Corridors of Power: Mercenaries, Treasure Hunters, and U.S.-U.K. Relations

Corridors of Power: Mercenaries, Treasure Hunters, and U.S.-U.K. Relations

HIRED GUNS IN IRAQ -- Two years ago, the United Nations set up the U.N. Working Group on the Use of Mercenaries, hoping to discourage the use of private armies, and to push more nations to sign the 1989 U.N. Mercenary Convention. Mercenaries in the classic definition of proxy fighters are not very much in evidence these days, but the United Nations has broadened the term to include hired guns for protection -- and that business is booming. Some 48,000 foreign civilians are employed as security guards in Iraq alone, where they provide protection for government officials, businessmen, journalists, industrial installations, ministries and everything in between.

Last week, a group from the UNWG (as it's known) was in Chile looking into the recruitment of Chileans for Iraq. The Santiago Times newspaper reported that at least 1,000 "former Chilean soldiers" are now working for security firms in Iraq, along with Hondurans, Ecuadorians, Peruvians, Fijians -- but also Britons, Americans and other Europeans.

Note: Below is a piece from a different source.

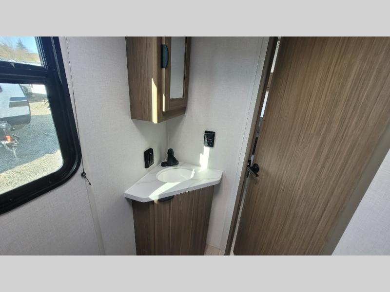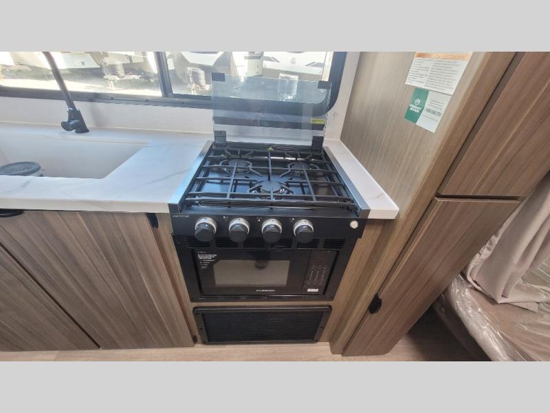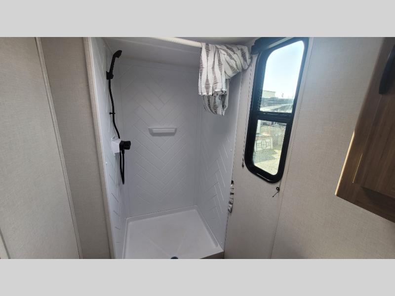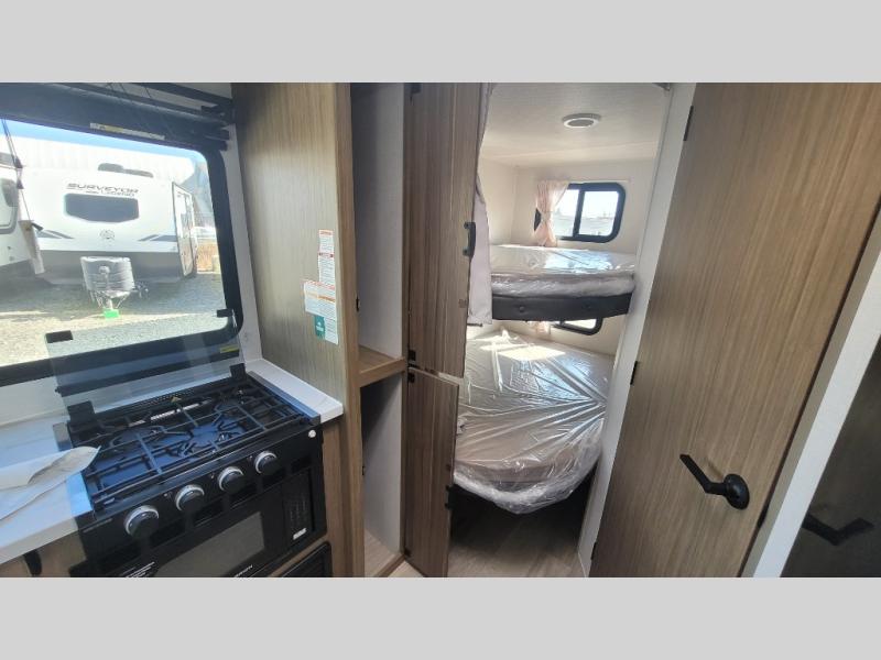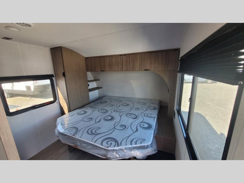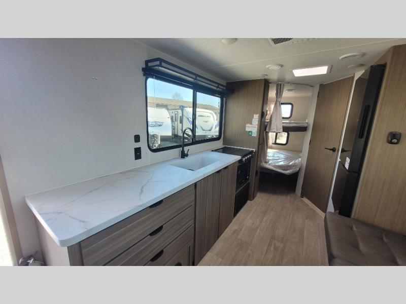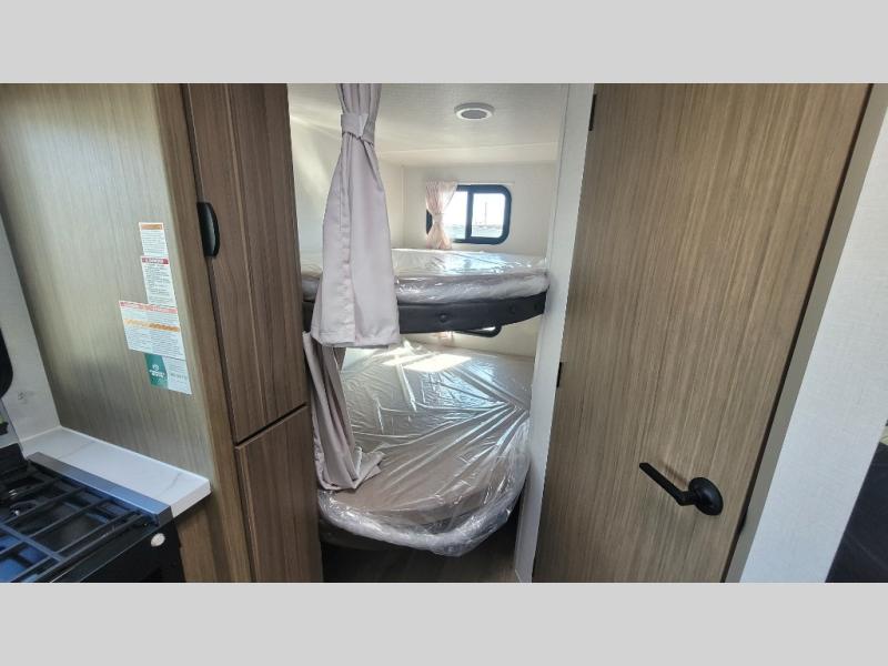 Camping is made easy in this travel trailer with more sleeping space and lots of comforts! The kids or your guests will enjoy the double-size bunks in the back, along with the full bath close by for easy nighttime use. You'll have the front private bedroom with a custom king bed all to yourselves, and there are dual bedroom wardrobes to keep your space neat and clean. Everyone can meet in the combined kitchen and living room to relax on the super U-lounge with a removable table while the chef of your group makes breakfast on the two-burner cooktop. There is also a microwave oven for quick meals, plus a pantry and refrigerator for food storage!

Despite the risks (over 1,000 killed, and hundreds wounded) it's not difficult to see the allure of civilian security contract work. A Chilean guarding a ground facility such as an embassy earns $3,000 a month: for mobile security assignments, with their high risk of roadside bombs, monthly pay can be as high as $12,000 -- "astronomical by Chilean standards," gasps the Santiago Times. Not bad almost anywhere else, either.